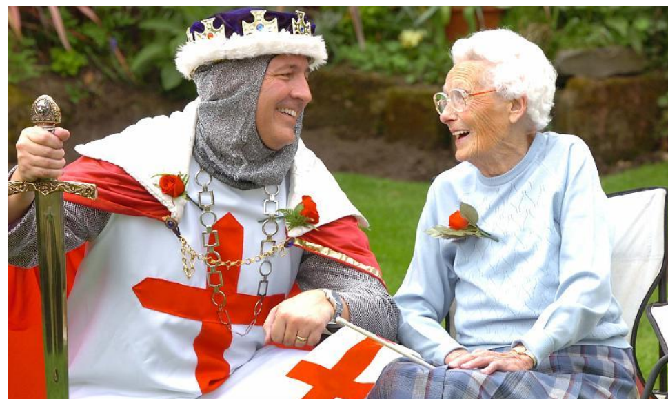
Красные розы – эмблема Англии
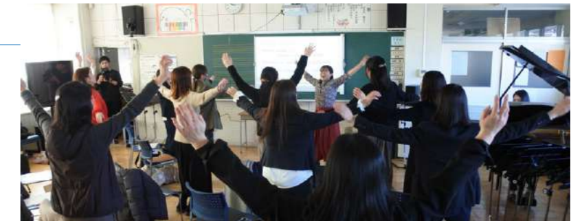
神奈川県立音楽堂 先生のためのアウトリーチ 音楽ワークショップ

学校に芸術家を派遣するプログラムを行っています。先生がプロの芸術家によるアウトリーチを体験し、授業にいかすヒントを得るための「先生のためのアウトリーチ」を、県央、湘南地区の小・中学校の先生を対象に計5回実施しました。
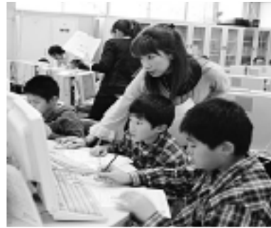
▲岩井第二分館 NHKぼうさいマップ出張出前講座
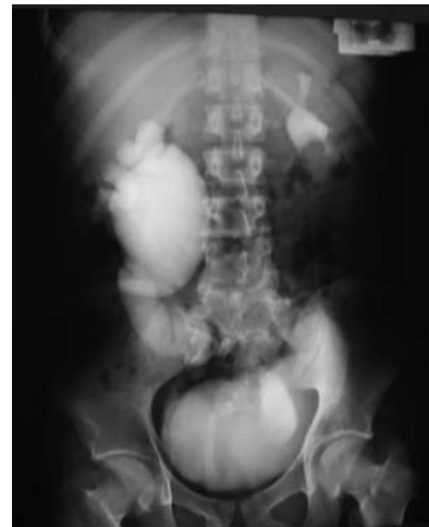
Imagen 3. Urografía excretora se aprecia dilatación ureteropielocaliceal severa a la hora de administrado el contraste del riñón de lado derecho, el riñón izquierdo concentrando y eliminando adecuadamente el material de contraste.

# # # #

| TASK DETAILS |
An exact copy of all the lines above is required, with the pictures removed.

| FINAL ANSWER |
Красные розы – эмблема Англии
神奈川県立音楽堂 先生のためのアウトリーチ 音楽ワークショップ

学校に芸術家を派遣するプログラムを行っています。先生がプロの芸術家によるアウトリーチを体験し、授業にいかすヒントを得るための「先生のためのアウトリーチ」を、県央、湘南地区の小・中学校の先生を対象に計5回実施しました。
▲岩井第二分館 NHKぼうさいマップ出張出前講座
Imagen 3. Urografía excretora se aprecia dilatación ureteropielocaliceal severa a la hora de administrado el contraste del riñón de lado derecho, el riñón izquierdo concentrando y eliminando adecuadamente el material de contraste.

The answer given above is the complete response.